Exemptions in the Affordable Care Act for Grandfathered Plans

Copyright © 2014 AARP. All rights reserved.

Certain types of insurance plans are considered grandfathered and, therefore, are subject to only some of the ACA’s provisions, not all of them. What defines a grandfathered plan is quite specific.

A grandfathered plan refers to individual and employer plans that were in existence by the day the ACA was signed into law (March 23, 2010) and have stayed basically the same since that date.

You may have enrolled in your employer plan after that date, but if the plan existed and has stayed basically the same since March 23, 2010, it may be a grandfathered plan. If you enrolled in a plan sold in the individual market after that date, your plan isn’t grandfathered.

The first item to know is that your insurance company or employer must inform you if you have a grandfathered plan.
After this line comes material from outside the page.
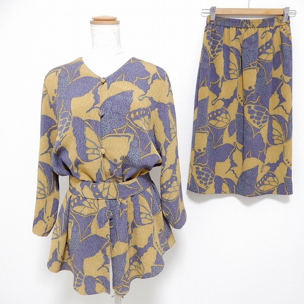 - #anc Ts コレクション 詩仙堂 ヒトシタムラ セットアップ ツーピース 黄土色 紫系 総柄 ちりめん ベルト紐付き レディース [907662]

In the information you receive explaining plan benefits, the insurer or employer must state whether a plan is grandfathered; you shouldn’t have to do any guesswork.

Over time, plans that are currently grandfathered may change coverage to remain competitive and profitable; they would then lose that grandfathered status and need to comply with the ACA.

If your plan is grandfathered, here’s what you need to keep in mind:

  • As with all insurance plans, the grandfathered plan must adhere to these ACA provisions:

    • It cannot place a lifetime limit on coverage.

    • It cannot terminate someone’s insurance coverage unless that person has purposely given false information when applying or has neglected to pay the premiums.

    • It must allow adult children up to age 26 to get coverage under a parent’s family insurance plan.

    • It must provide a Summary of Benefits and Coverage to its existing customers.

    • It must spend at least 80 percent of the premiums it collects on healthcare costs or quality improvements (instead of on overhead, administrative costs, or marketing).

  • Unlike other private insurance plans, a grandfathered plan isn’t required to do the following (although it may do so voluntarily to provide better service and compete more effectively with other plans):

    • Cover the essential health benefits required by the ACA

    • Allow you to choose your own doctor from within its network of providers

    • Let you use an out-of-network emergency room without paying more than you would for in-network care

    • Limit your out-of-pocket expenses

    • Set premium levels based only on certain criteria

    • Grant you the right to appeal its decisions, such as the denial of a claim

    • Publicly state why its premiums are increasing by 10 percent or more

  • Also, if you have an individual grandfathered plan — one that you purchased yourself, not through your workplace — that plan may still have annual limits on coverage and may be able to deny coverage for preexisting conditions.

    If you have a private individual insurance plan that you bought for yourself or your family, definitely find out whether it’s grandfathered. If it is, you may want to at least do some comparison shopping on the Health Insurance Marketplace in your state.

    Your grandfathered plan is required to give you a Summary of Benefits and Coverage (SBC), which makes it fairly easy to compare what you’ve got with other plans that are available to purchase.